## Data segment
------

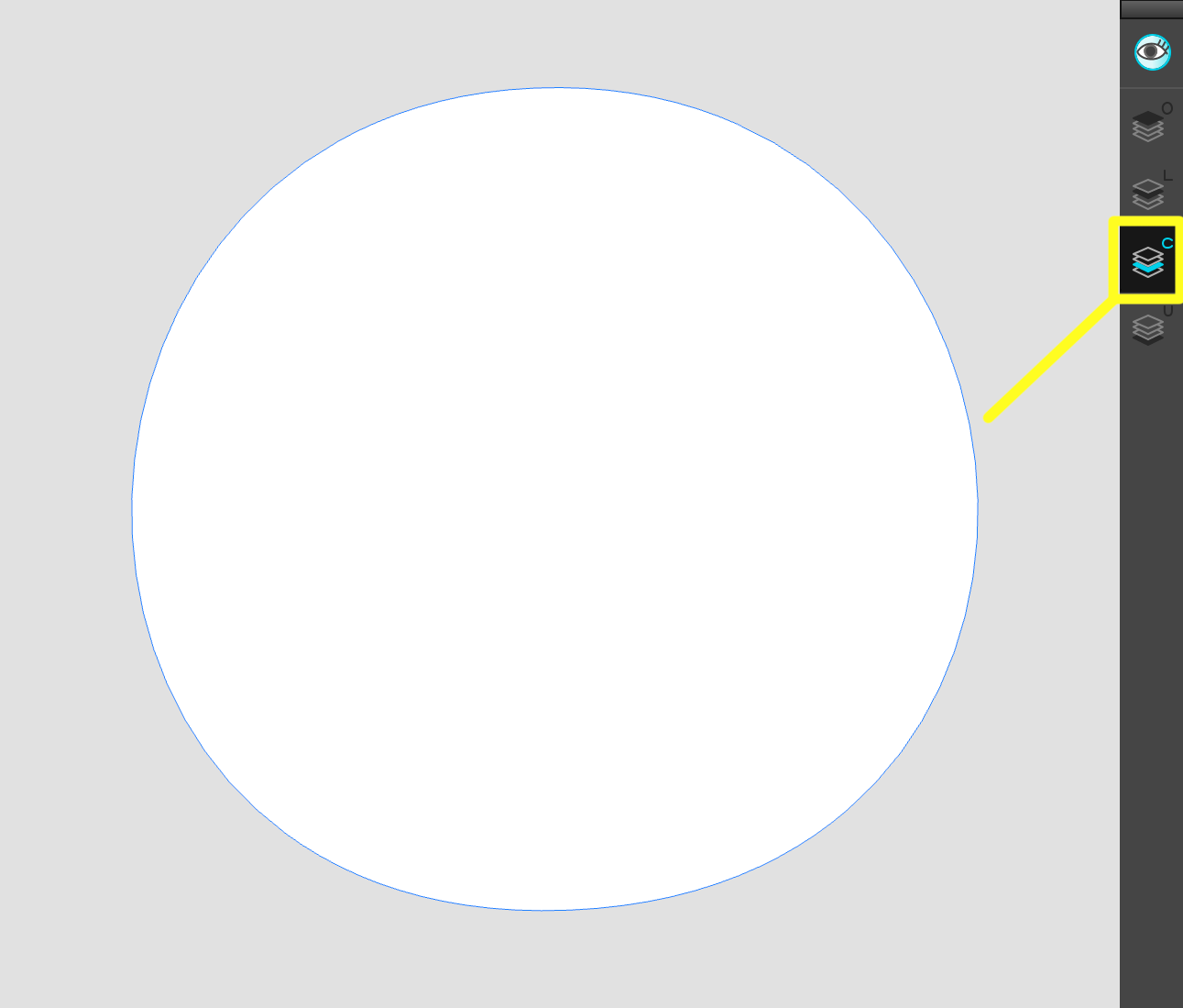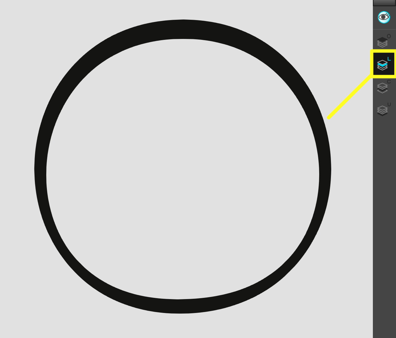 - Si la partie à découper comporte des lignes, celles-ci et les couleurs devront également être séparées sur différentes couches. Cela permet de s'assurer que nous pouvons placer le trait de l'œil au-dessus de la pupille. Voici à quoi ressemblent les couches de l'œil :
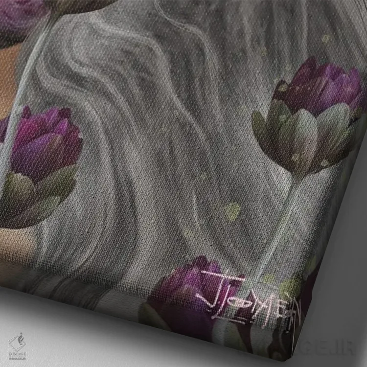 تابلو دکوراتیو خورشید نقره ای اثر جولیانا لوومر - نمای نزدیک بافت بوم
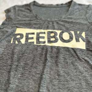 Reebok Women's Legend Graphic Shirt in Sea Fog Heather. This short-sleeve top features a stylish graphic, perfect for active wear or casual outfits. Made for comfort and versatility, it's a great addition to any wardrobe. Pre-owned condition.

------

Retype all of the listing word for word and skip the pictures.

 - Si la partie à découper comporte des lignes, celles-ci et les couleurs devront également être séparées sur différentes couches. Cela permet de s'assurer que nous pouvons placer le trait de l'œil au-dessus de la pupille. Voici à quoi ressemblent les couches de l'œil :
 تابلو دکوراتیو خورشید نقره ای اثر جولیانا لوومر - نمای نزدیک بافت بوم
 Reebok Women's Legend Graphic Shirt in Sea Fog Heather. This short-sleeve top features a stylish graphic, perfect for active wear or casual outfits. Made for comfort and versatility, it's a great addition to any wardrobe. Pre-owned condition.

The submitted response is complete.